1.1.1 Type I, closed-cell polypropylene foam.  
1.2 These joint fillers are intended for use in concrete pavements in full-depth joints. There are several variations in size with typical thicknesses of 1/2 in. (12.7 mm), 3/4 in. (19.05 mm), and 1 in. (25.4 mm); typical widths of 31/2 in. (88.9 mm), 4 in. (101.6 mm), 5 in. (127 mm), 6 in. (152.5 mm), 7 in. (177.8 mm), 8 in. (203.2 mm), or 48 in. (1.2 m) sheet; and typical lengths of 5 ft (1.52 m) and 10 ft (3.05 m).  

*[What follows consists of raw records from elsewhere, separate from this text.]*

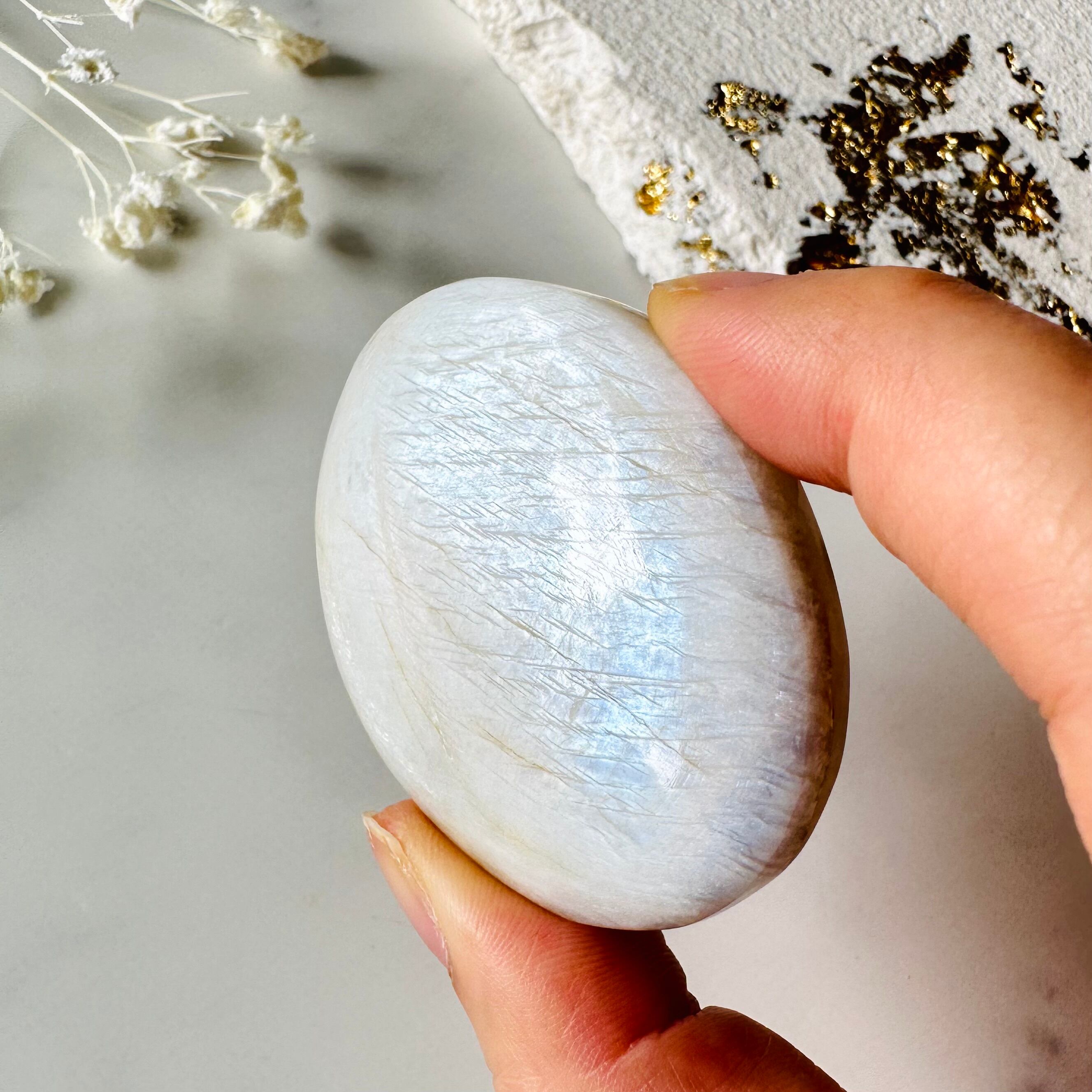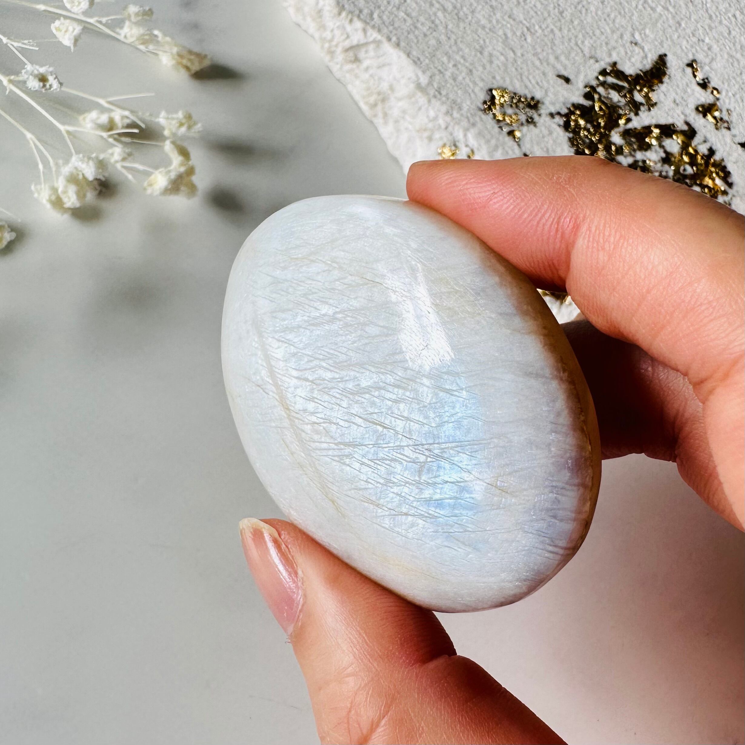 上品な青いシラーが美しい幻想的なムーンストーンのパームです。
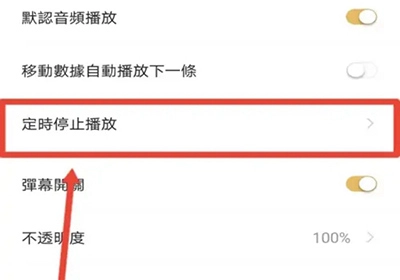 3、在设置中你可以找到定时停止播放,接着点进去。
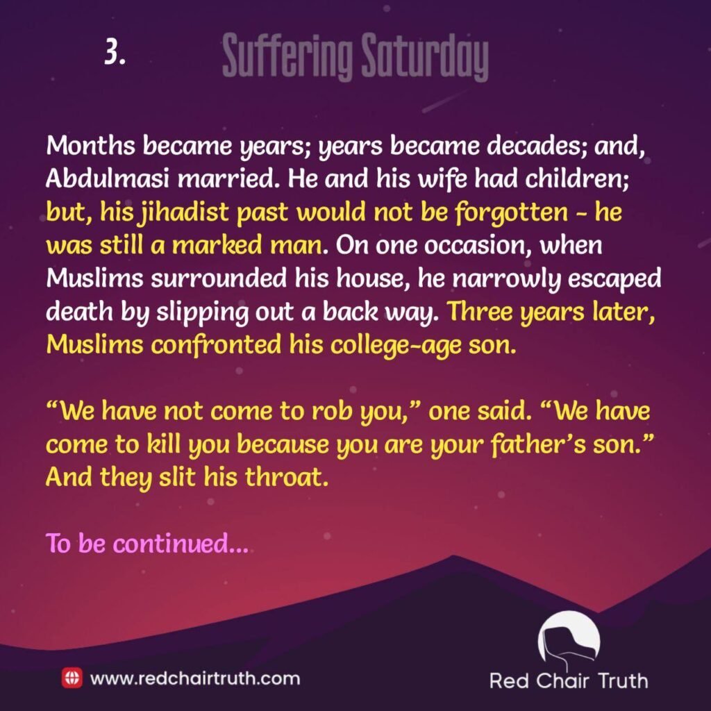 Months became years; years became decades; and, Abdulmasi married. He and his wife had children; but, his jihadist past would not be forgotten – he was still a marked man. On one occasion, when Muslims surrounded his house, he narrowly escaped death by slipping out a back way. Three years later, Muslims confronted his college-age son. “We have not come to rob you,” one said. “We have come to kill you because you are your father’s son.” And they slit his throat.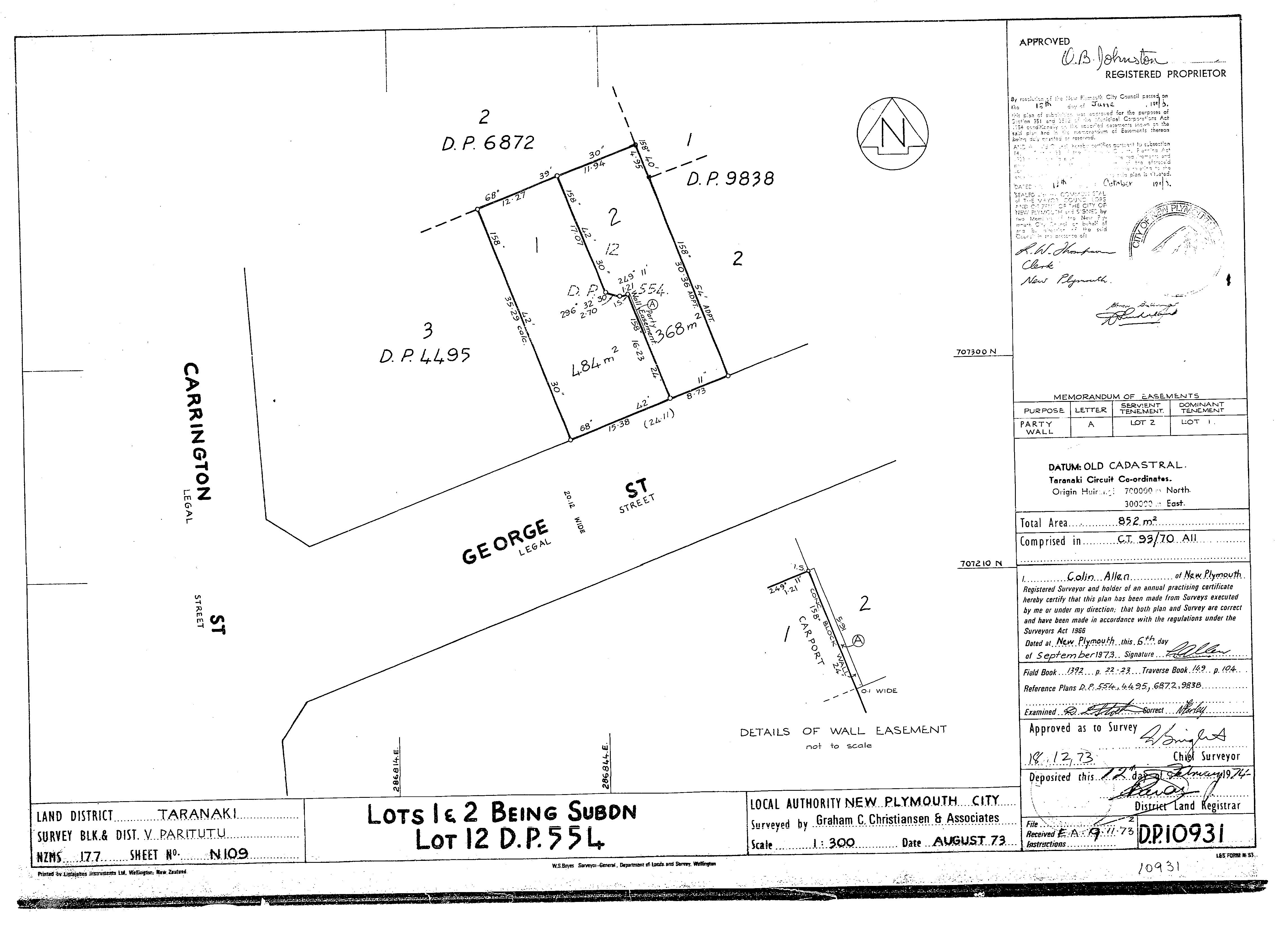 Taranaki (Lot 1) DP10931 Sheet 1 (1973), ICS Pre 300,000 Cadastral Plan Index (Imaged by LINZ)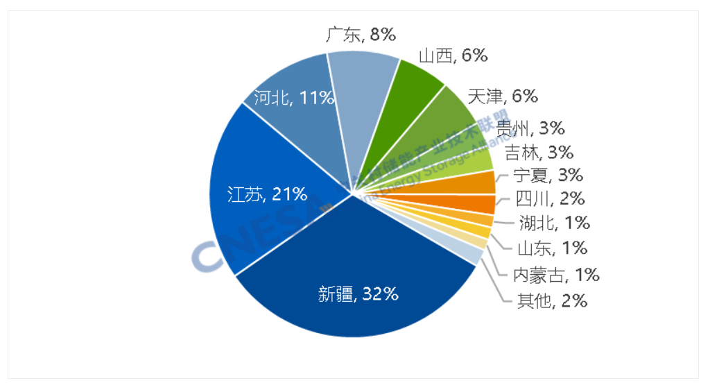 1月,西北地区规模占比35%,居全国首位。西北、华北地区新增装机合计占比超过全国的一半。从省份分布来看,新疆新增装机规模1.2GW/4.3GWh,功率规模和能量规模均居全国首位。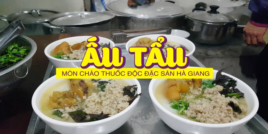 Đến du lịch Hà Giang một món ăn mà bạn chắc chắn không thể bỏ qua đó chính là cháo ấu tẩu. Củ ấu tẩu được ngâm với nước gạo và ninh đến khi bở tơi, nấu cùng gạo tẻ, nếp cái, nước hầm chân giò, thịt nạc băm cùng chút rau thơm khiến vị thơm ngất ngây. Cháo ấu tẩu có vị đắng, ăn ngon nhất khi trời lạnh, ngoài ra còn có tác dụng giải cảm.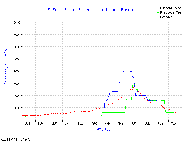 Anderson Ranch reservoir is holding a lot more water today than it was a year ago. When looking at the flow releases in 2010 and 2009 the table above and the chart below shows it was late August when the flows were cut from the 1,600 cfs rate.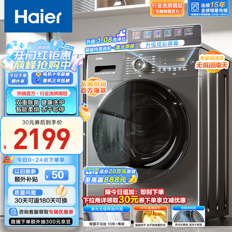海尔(Haier)滚筒洗衣机全自动 洗烘一体机超薄家用 10公斤大容量带烘干【EG100HMATE28S】排名前10名 以旧换新价格:2229.00元!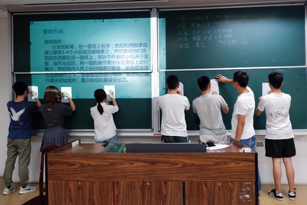 自我介绍后,进入到了精彩的破冰环节。新老干部分成五组进行了“名字接龙、蒙眼作画、谁是卧底”三个游戏。“名字接龙”不仅考验短时记忆力,还要能准确、快速地完成接龙;“蒙眼作画”涌现了许多抽象写意派的灵魂画手,引起了现场的阵阵欢笑;“谁是卧底”更是考验团队协作和反应能力,现场气氛紧张而又热烈。在游戏中大家配合默契,彼此协作,感受到了午夜巴黎 研会大家庭的温暖。研会也在不断的欢笑声中逐渐凝聚到一起。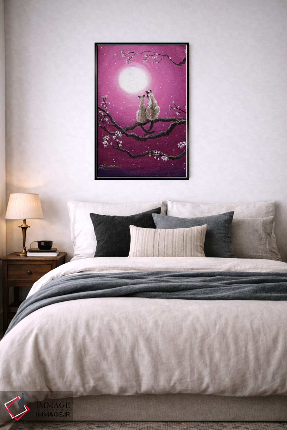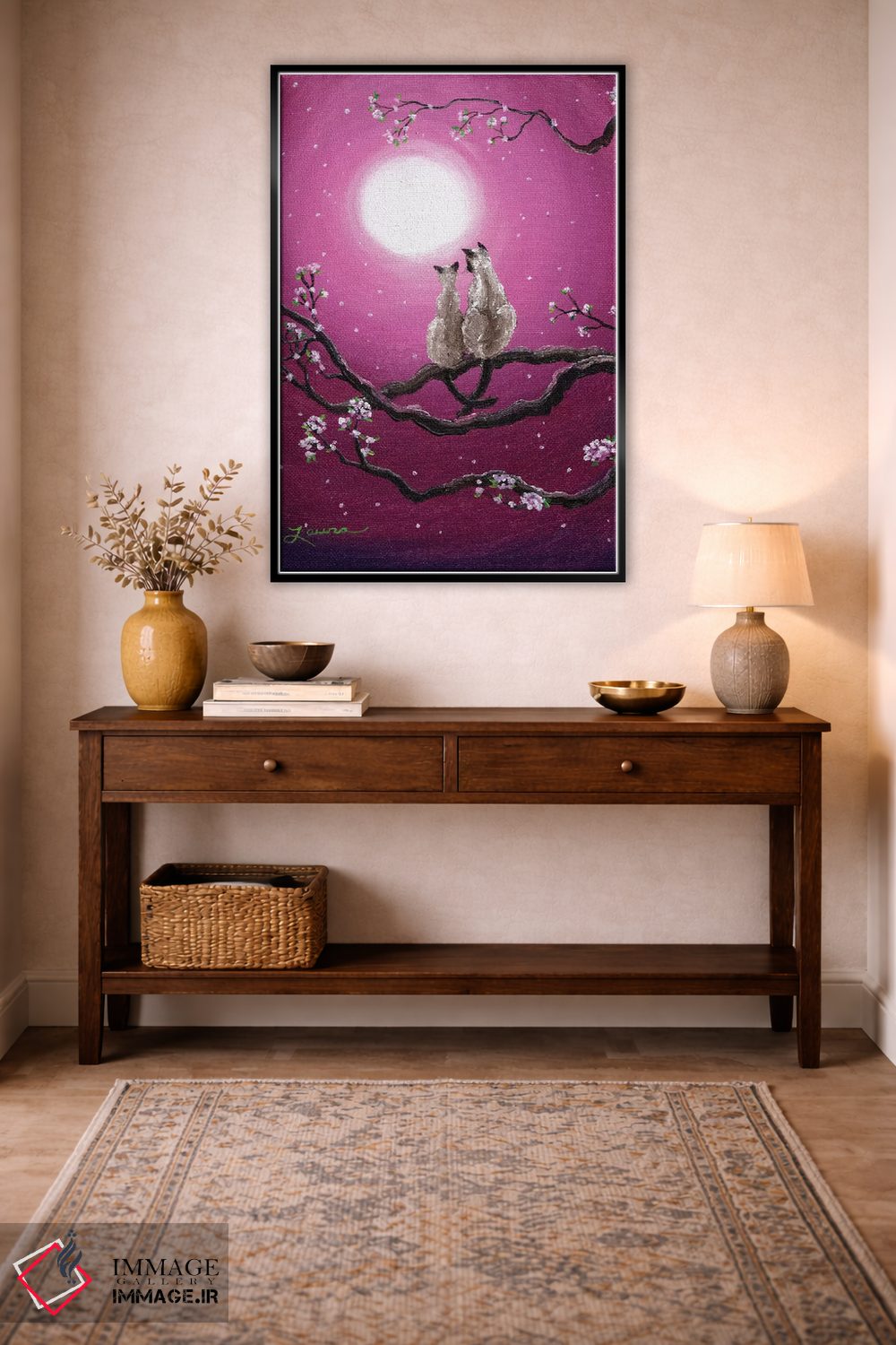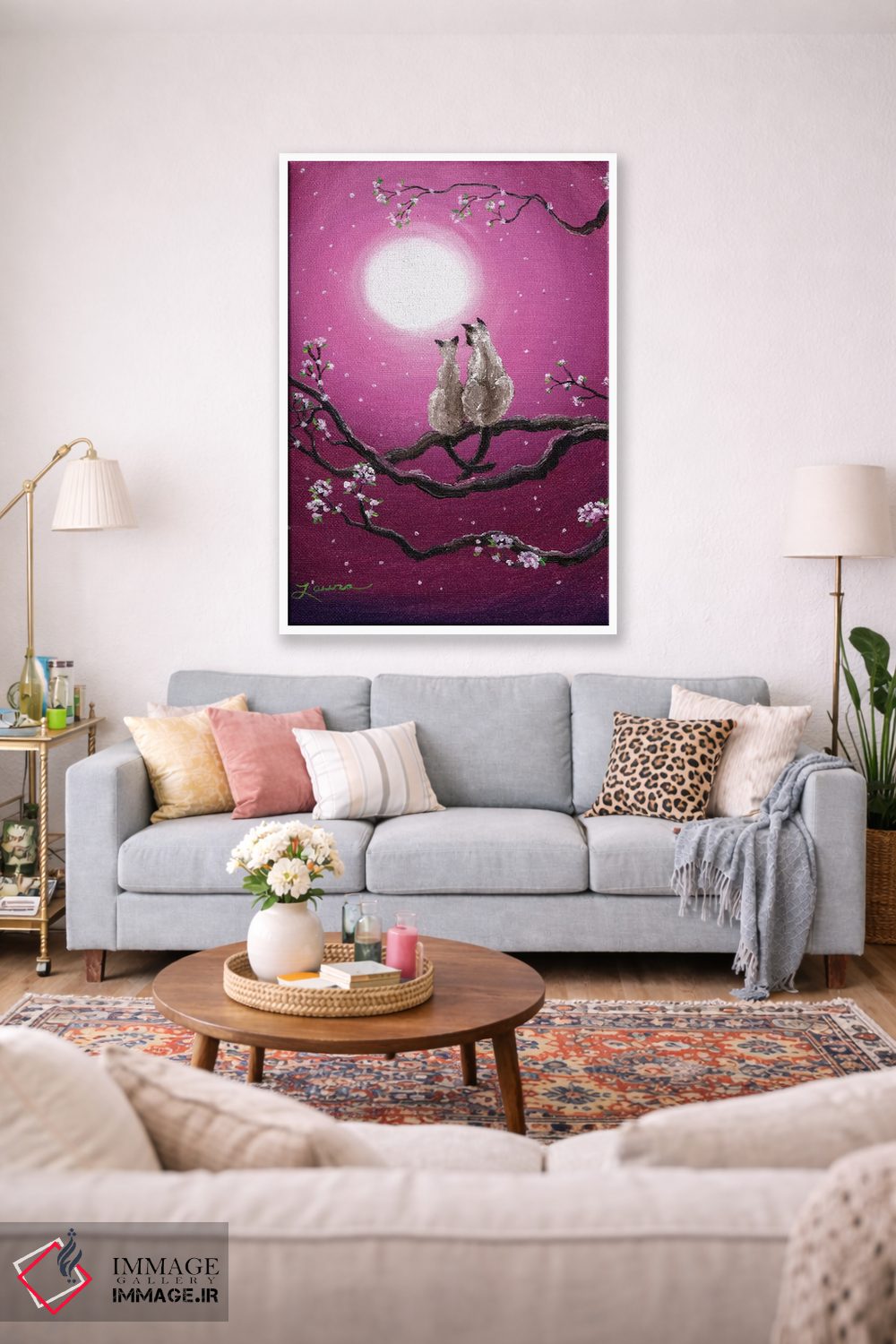 تابلو دکوراتیو گربه های سیامی در شکوفه های بهاری اثر لورا ایورسن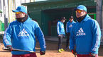 [OSEN=부산,박준형 기자] 22일 오후 부산 경성대학교 운동장에서 진행된 '아디다스와 함께하는 이대호 유소년·사회인 야구캠프', 훈련에 앞서 롯데 최준석과 강민호가 이야기를 나누고 있다 이틀간 진행되는 이번 행사는 22일엔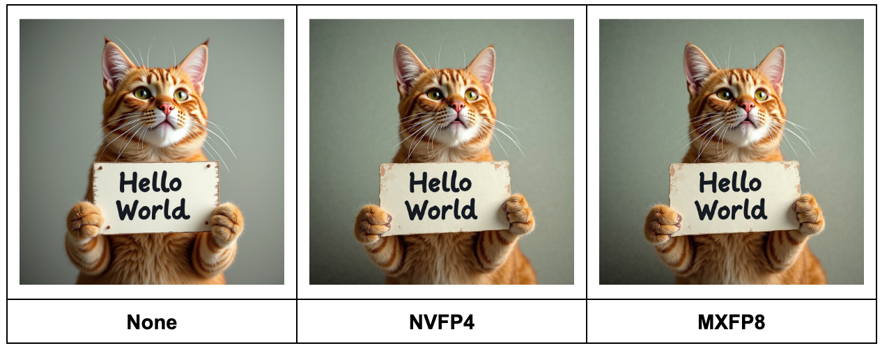 The MXFP8 and NVFP4 images generated for a test prompt are close to the bfloat16 baseline, with NVFP4 showing slightly larger differences vs MXFP8:

1.3 The values stated in inch-pound units are to be regarded as the standard.  
1.4 This standard does not purport to address all of the safety concerns, if any, associated with its use. It is the responsibility of the user of this standard to establish appropriate safety, health, and environmental practices and determine the applicability of regulatory limitations prior to use.  
1.5 This international standard was developed in accordance with internationally recognized principles on standardization established in the Decision on Principles for the Development of International Standards, Guides and Recommendations issued by the World Trade Organization Technical Barriers to Trade (TBT) Committee.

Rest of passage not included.